Viable treatment options for choroidal neovascularization may be found beyond anti-angiogenic therapies, two surgeons from the United Kingdom suggest. Attention to the scarring response in the submacular tissue may provide a better overall strategy for combating CNV, they propose.

David Kent and Carl Sheridan note that CNV, at the cellular level, appears to be a part of “several key processes that can be broadly referred to as wound healing or tissue repair.” Angiogenesis is only one component of the wound healing process. In a review article in Molecular Vision, the two physicians addressed the “non-vascular components to highlight a condition that is essentially a submacular wound healing response.”

Regardless of the etiology of CNV, the authors said, both the cellular and extracellular constituents of the neovascularization appear to be similar. The wound healing response — in this case to the macula — is characterized by a typical early inflammatory response and tissue formation, a prominent angiogenic response and an end stage.

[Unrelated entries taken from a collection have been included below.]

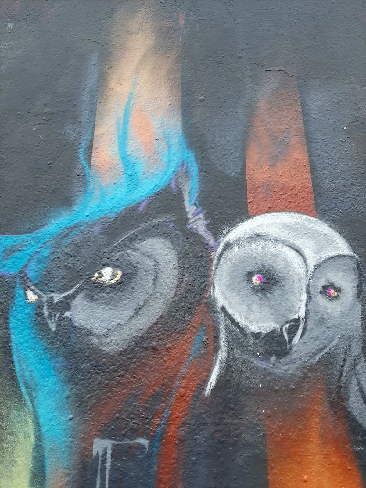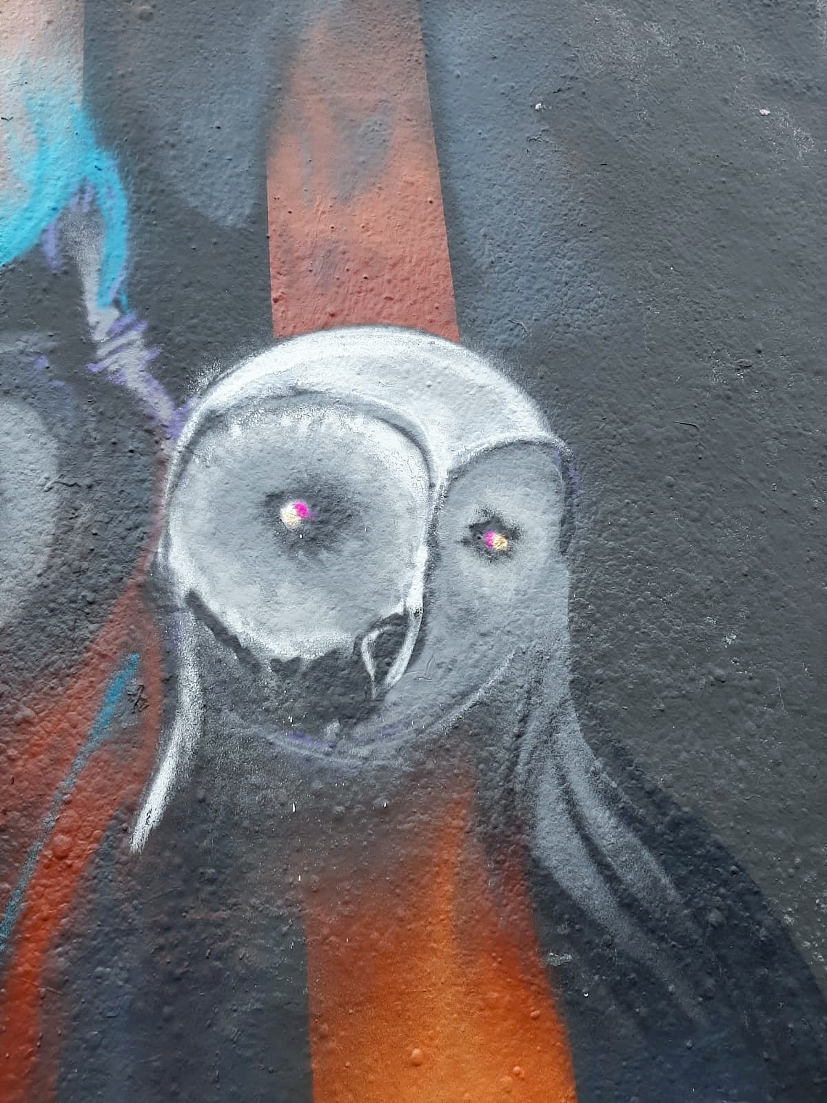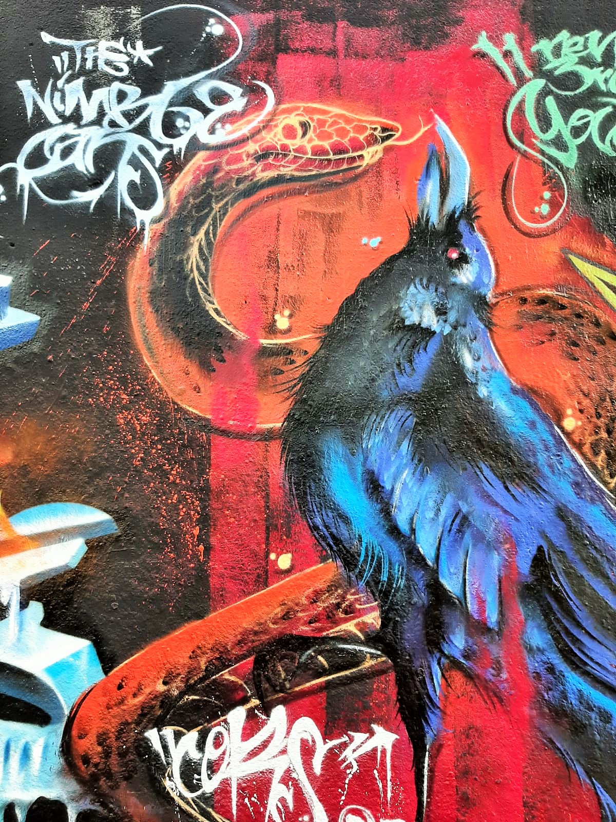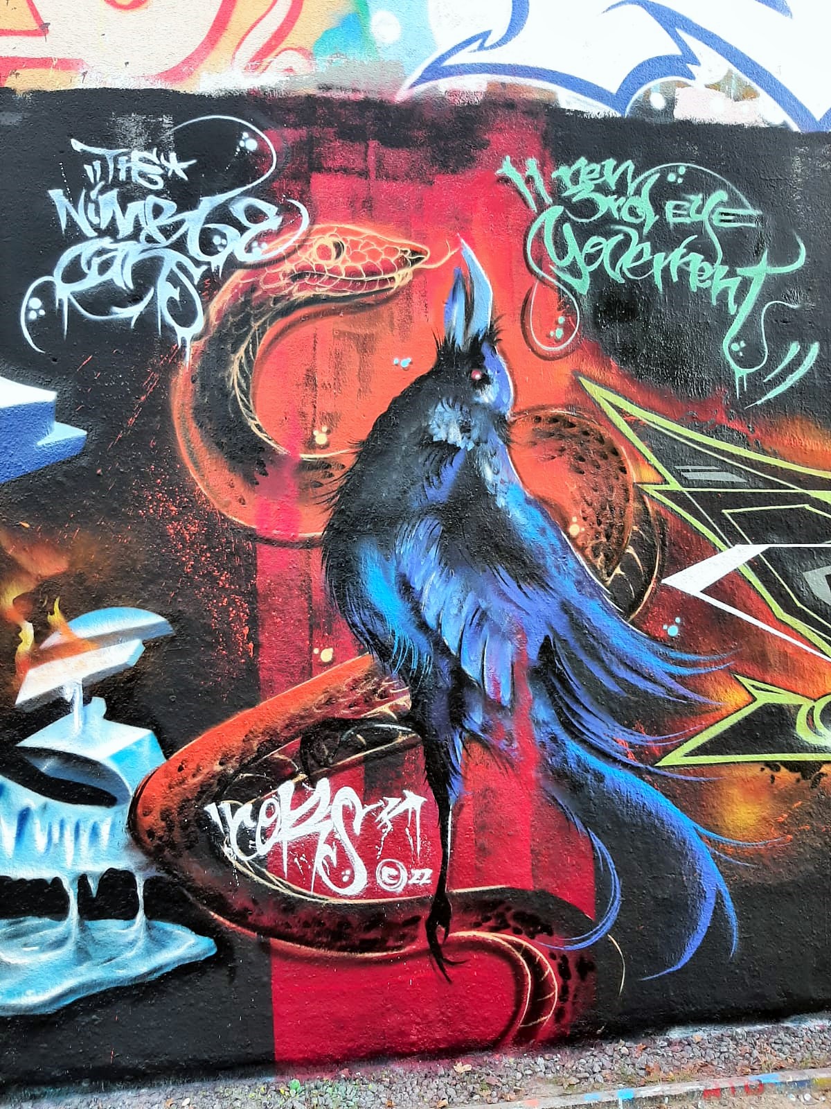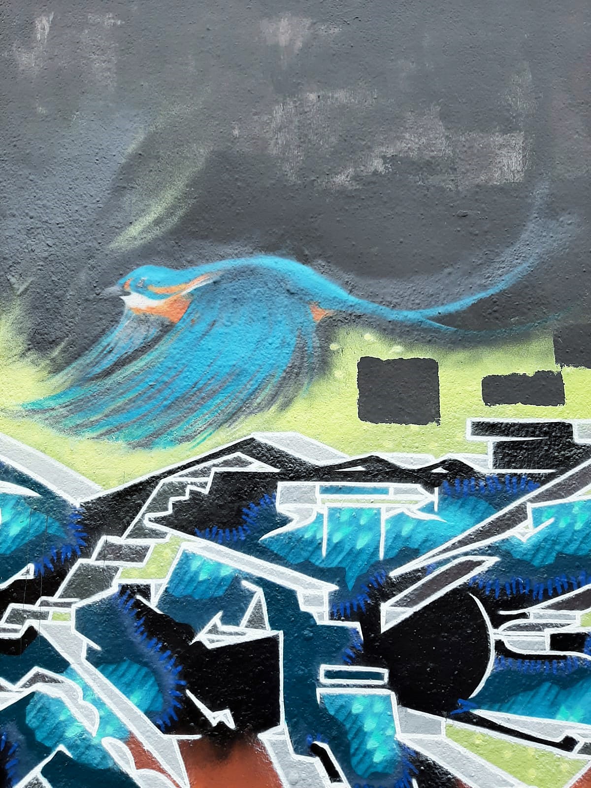 The tiger on the left was made by CORS ONE, the graffiti is from TRON 26 and the green bird character above was made by SAF.X. The graffiti to the right is from KAME and the rabbit character again from SAF.X.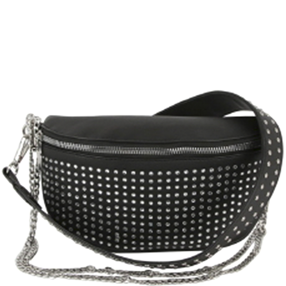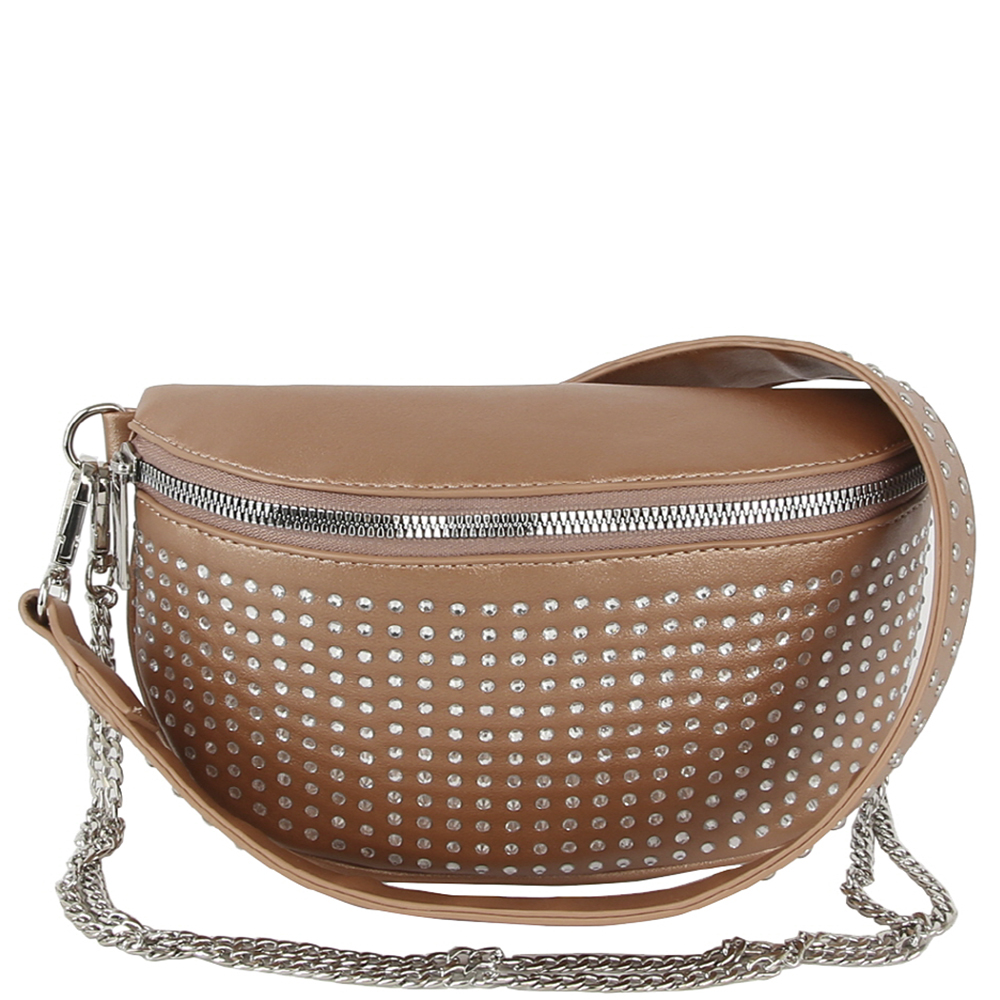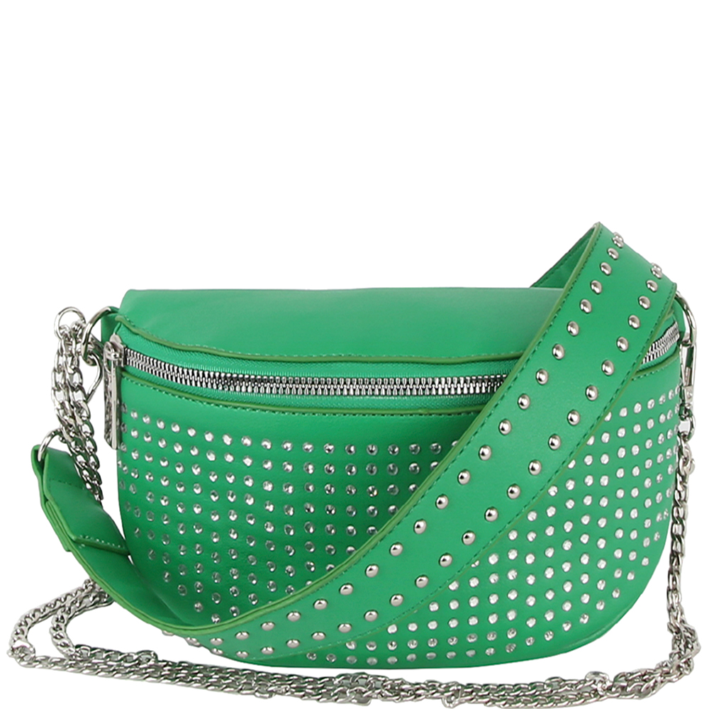 STUDDED ZIPPER CHAIN LINK CROSSBODY BAG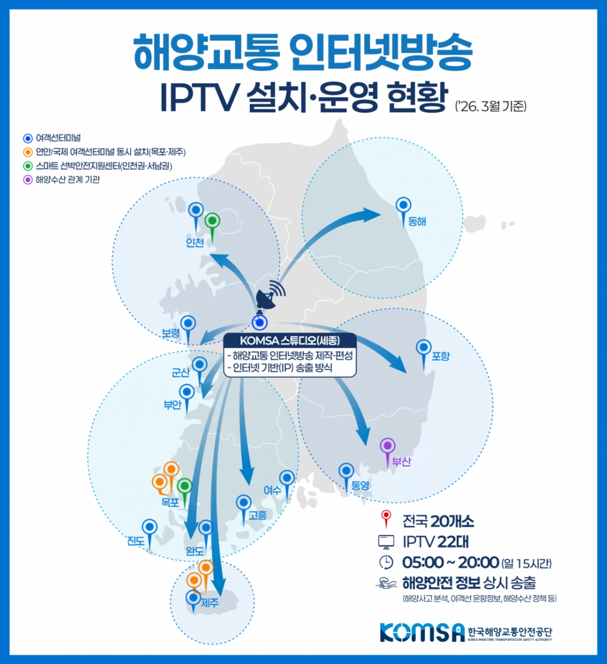 전국 여객선터미널 등 20개소에 설치된 아이피티비(IPTV: 인터넷텔레비전) 송출장치를 통해 다양한 해양안전 정보가 상시 송출되는 구조로 운영된다.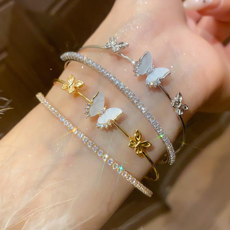Exquisite Zircon Butterfly Double-Layer Open Bangle Bracelet
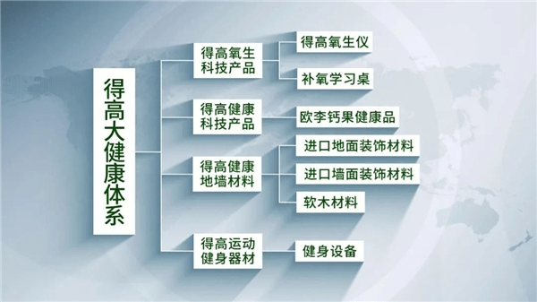 作为行业先行者,得高发展近30年来不断开拓创新,基于国际精品建材、健康家居产品优势,已在全国各区域形成分公司布局,专营店面更遍布百余大中城市,业务版图持续扩展。从进口地墙装饰材料到补氧学习桌、健康保健品、运动健身器材等健康业务领域,得高全方位、多领域、深层次地构建了得高大健康体系,形成全国多元业态协同发展的战略格局。
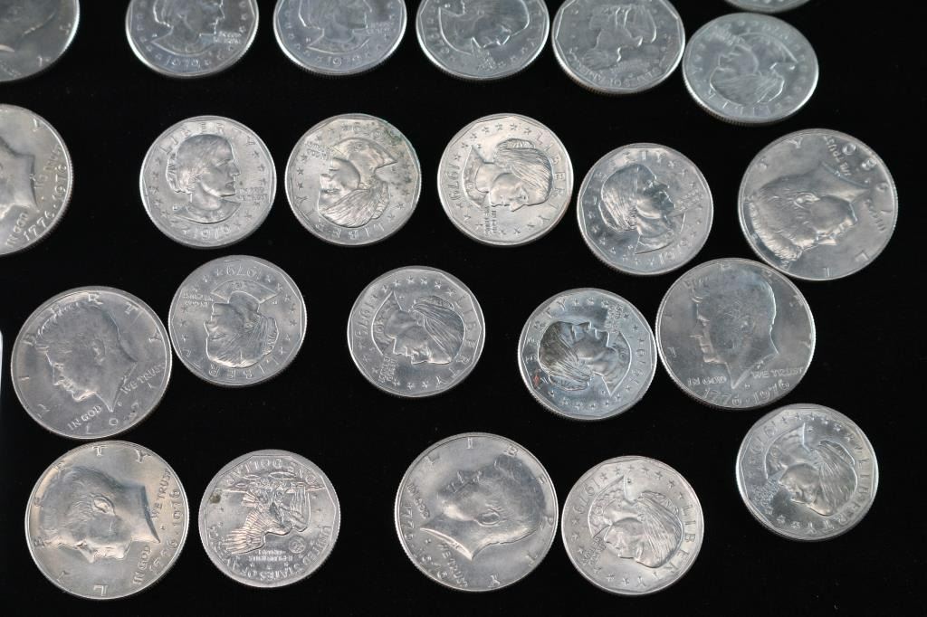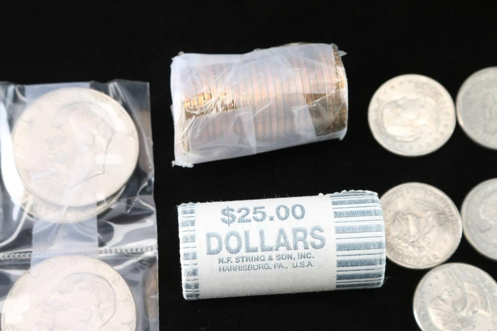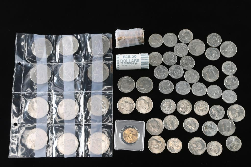 Includes: 14 assorted date "Ike" dollars; 29 assorted date Susan B. Anthony dollars; 23 assorted date presidential dollars; 26 assorted date Sacagawea dollars.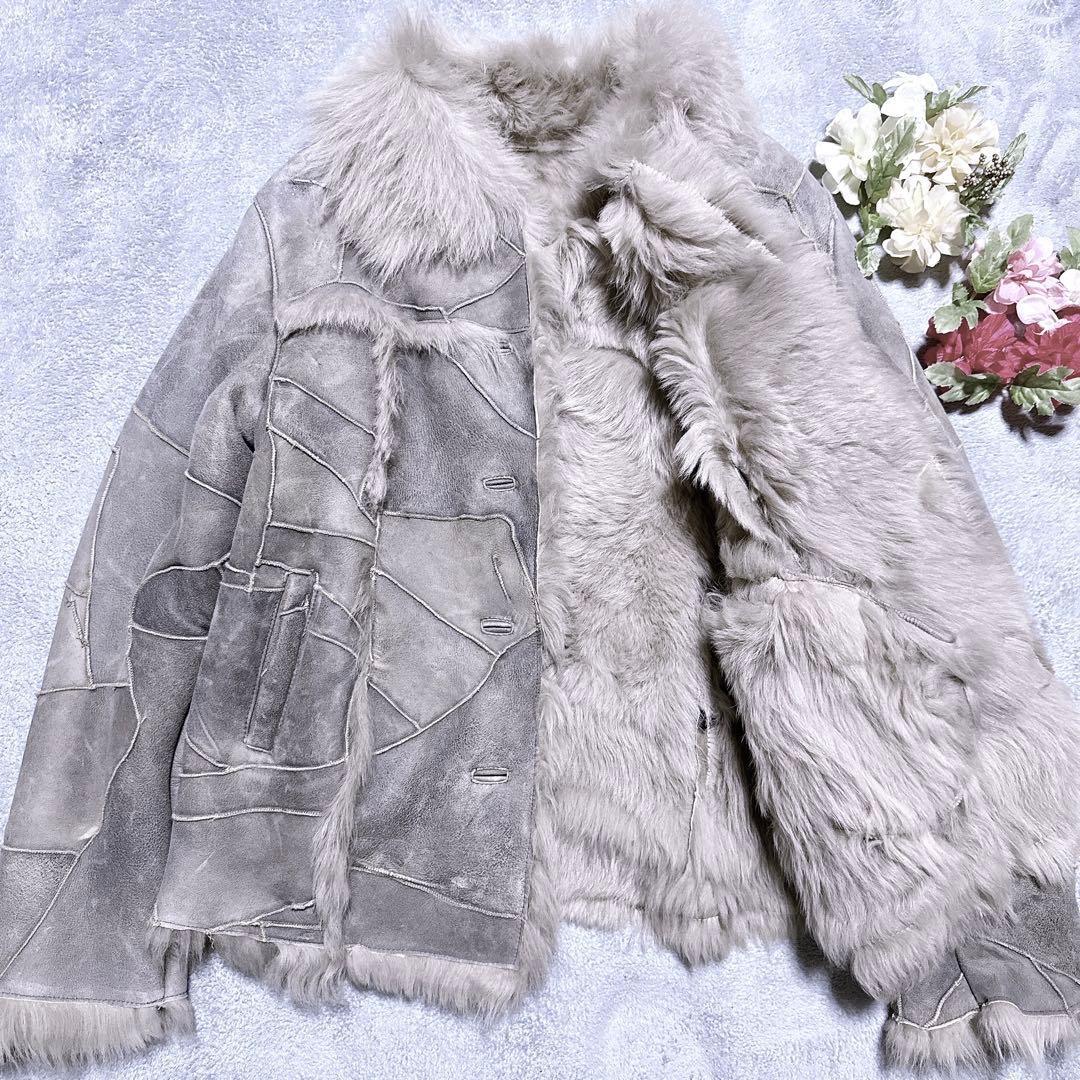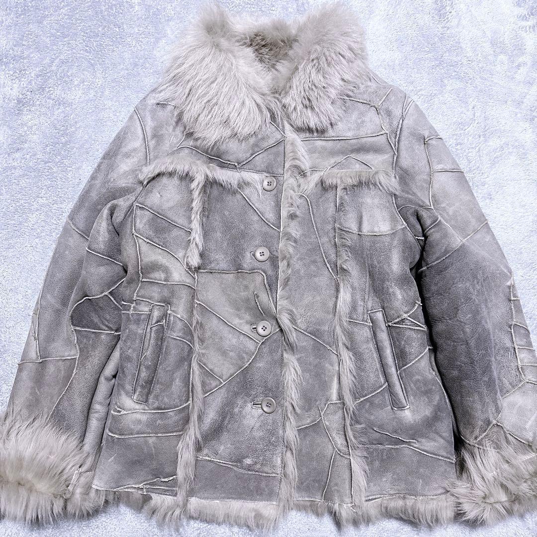 本革 リアルレザー リアルムートン ムートンジャケット ムートンコート ファー パッチワーク 切り替え つぎはぎ レディース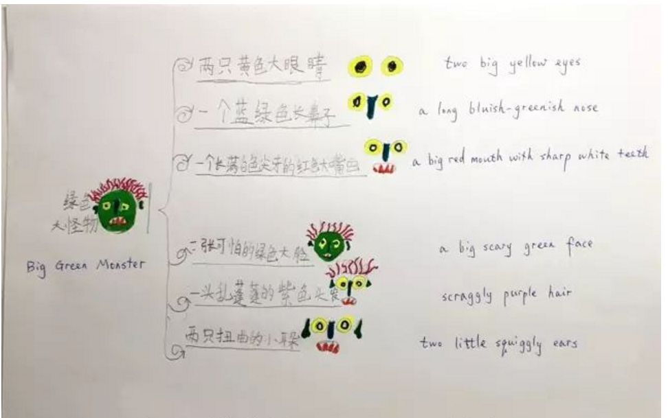 括号图我们都非常的熟悉了,应该做笔记的时候都用过。它用来表示整体与部分的关系,不过,这种对于小朋友来说可能还有些难,需要家长和孩子一起操作,多练几次,就能轻松上手了。我们用括号图方法做一个大家熟悉的绘本《走开,绿色大怪物》的思维导图。绘本向孩子们展示了有趣的,黄色大眼睛、蓝绿色长鼻子、红色大嘴巴、可怕的绿色大脸、乱蓬蓬的紫色头发、扭曲的小耳朵,巨大的绿色怪物……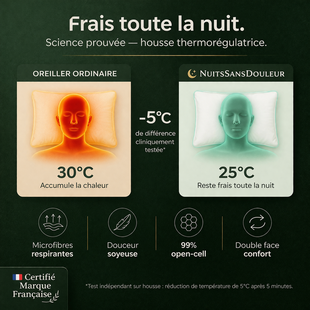 Un oreiller ordinaire maintient votre tête dans une position déviée pendant 7 à 8 heures chaque nuit. Sur une année, c'est plus de 2 500 heures de pression continue sur vos disques cervicaux.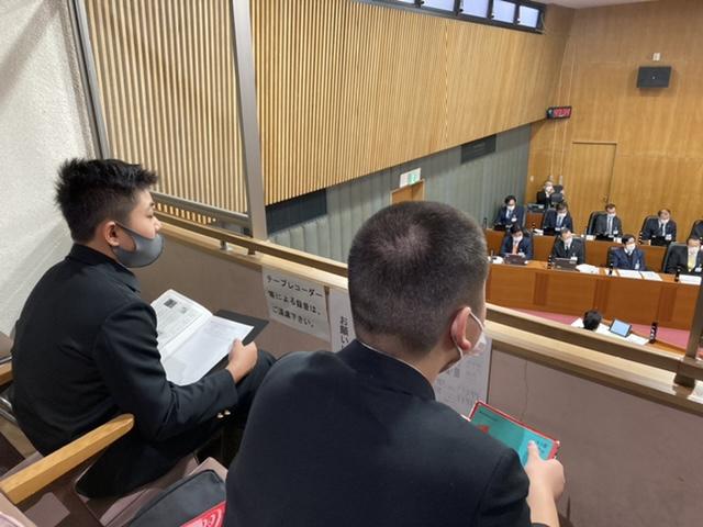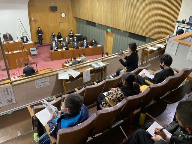 市議会を傍聴に行ってきました。市議会議員の方の質問、それに答える市長、司会を務める議長の役割や話し方を学びました。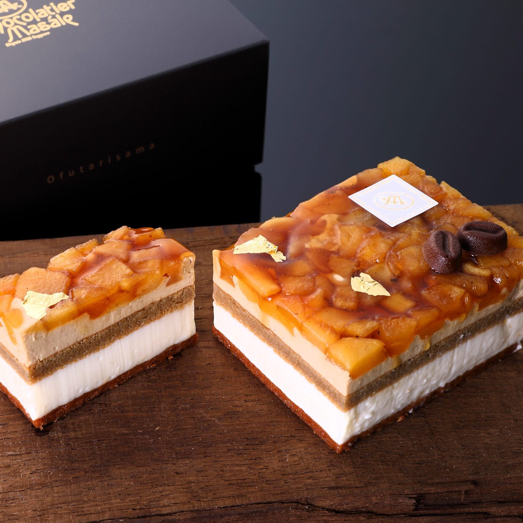 レアチーズと焙煎珈琲ムース。キャラメリゼしたリンゴや甘い香りのサブレ生地のコクと果実味を感じるケーキ。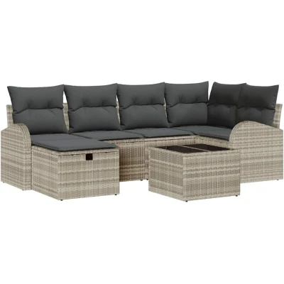 Garden Sofa Set 7 pcs Light grey 234 x 124 85 cm Poly rattan Vidaxl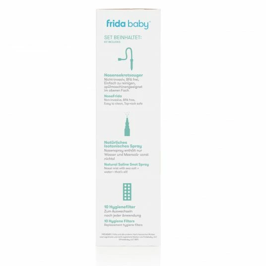 Ohje Dein kleiner Schatz ist erkältet und hat ein verstopftes Näschen? Mit dem mundbetriebenen frida baby Schnupfen-Set NoseFrida Nasensauger mit Hygienefilter und Meersalz-Nasenspray kannst Du ihm sanft und schnell helfen. Dazu wird die abgerundete Spitze an die Nase gehalten und im Anschluss vorsichtig am roten Mundstück gesaugt. Zwischen dem Auffang-Röhrchen und dem Schlauch befindet sich ein Hygienefilter, so dass nichts aus Baby’s Nase in Deinen Mund gelangen kann.

CNV formation is “often clinically underdiagnosed in age-related macular degeneration,” the authors said, as the basal laminar deposit can mimic Bruch’s membrane and enable CNV development and maturation that can support both the retinal pigment epithelium (RPE) and photoreceptors.

“This form of wound repair with angiogenesis is desirable, however it is the subsequent protracted scarring response that irreversibly compromises the photoreceptors and RPE that highlights the need to treat CNV with therapies other than just anti-angiogenesis approaches,” the authors said in the December issue.

The authors concluded by noting that “at the cellular level, both CNV and wound healing share an indisputable commonality,” thereby raising the possibility of treatment options outside angiogenic therapies.